Я попытался вытянуть руки… но сделать это удавалось всего на пару дюймов – ладони натыкались на преграду. Плоское гладкое дерево. Пара футов в ширину; пара футов в глубину; длиной как раз в мой рост. У людей только один ящик таких размеров!
«Ты в гробу».
Это все не по-настоящему!.. Я попытался припомнить все, что узнал о ломке после морфия, ведь на самом деле это была именно ломка, а гроб – только игра воображения. Подобно студенту, молящемуся об отмене экзамена, я читал о том, что бывает после отмены наркотика.
Резкий отказ от морфия (в отличие от некоторых других наркотиков) жизни не угрожает, однако может вызывать странные видения. Точно, это видение.
Я не могу лежать в гробу, и причин целая куча! Как меня могли бы вынести из спальни и похоронить, даже не разбудив? Если деревянный гроб уже гниет, как же я умудрился провести столько времени под землей? Откуда тут остался кислород? Все это невозможно; следовательно, у меня галлюцинации.

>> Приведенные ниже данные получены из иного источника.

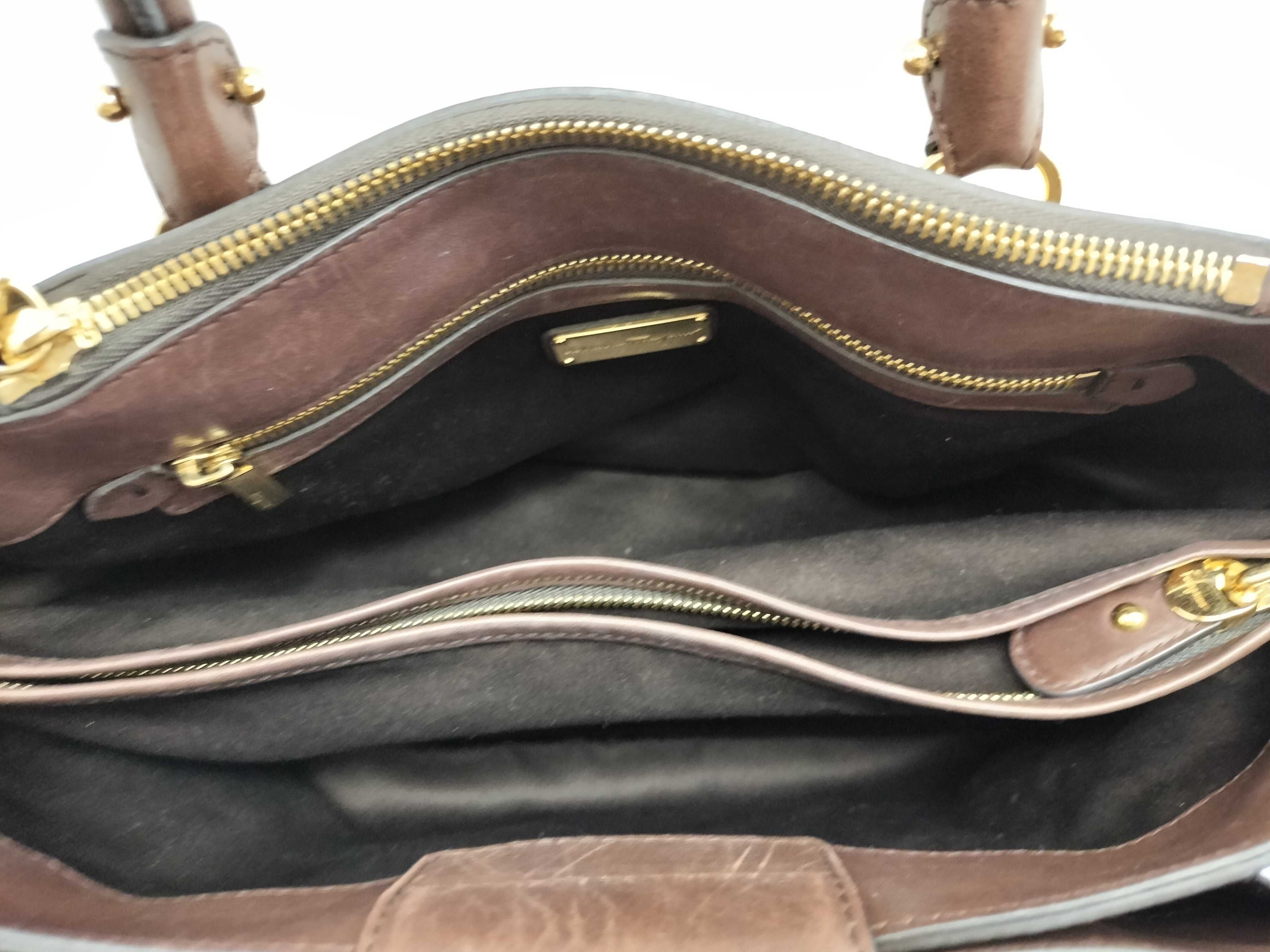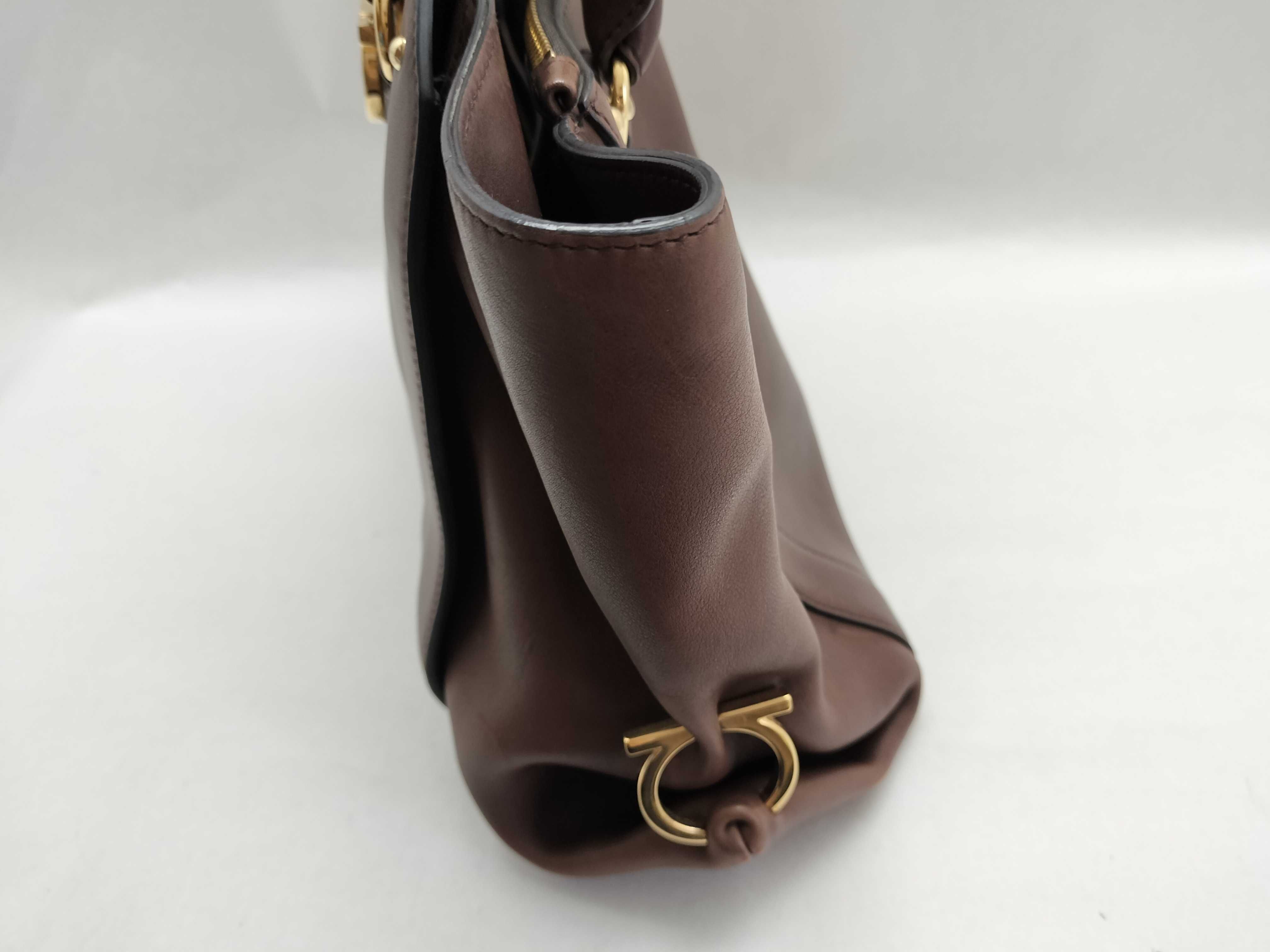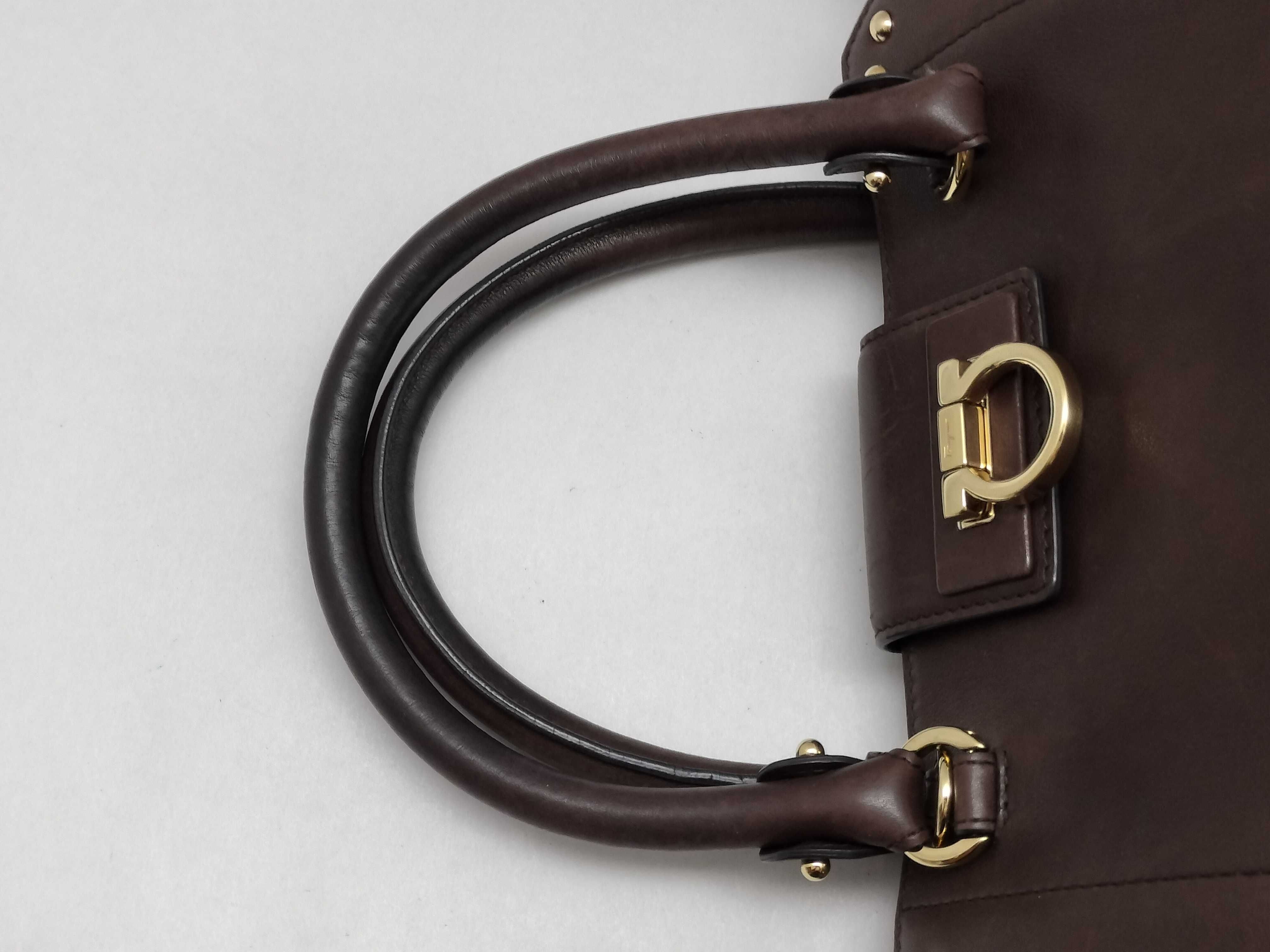(G_0104)Salvatore Ferragamo SG-Ferragamo Gancini Top Handle Brown Leather Bag ハンドバッグ

Но разве люди с галлюцинациями настолько рационально мыслят, что способны осознать свое состояние? Разве не полагается галлюцинациям быть иррациональными по определению? Я не ощущаю никакой утраты связи с реальностью; честно говоря, мое положение кажется уж слишком реальным. Может ли человек с галлюцинациями оценивать качество воздуха? Подсчитывает ли, сколько еще продержится деревянный гроб или когда внутрь проберутся черви? Если у меня по правде ломка, почему же я не жажду наркотика? В общем, хоть я и знал, что ни гроба, ни могилы не может быть на самом деле, невольно удивлялся собственным, до странности логичным, вопросам.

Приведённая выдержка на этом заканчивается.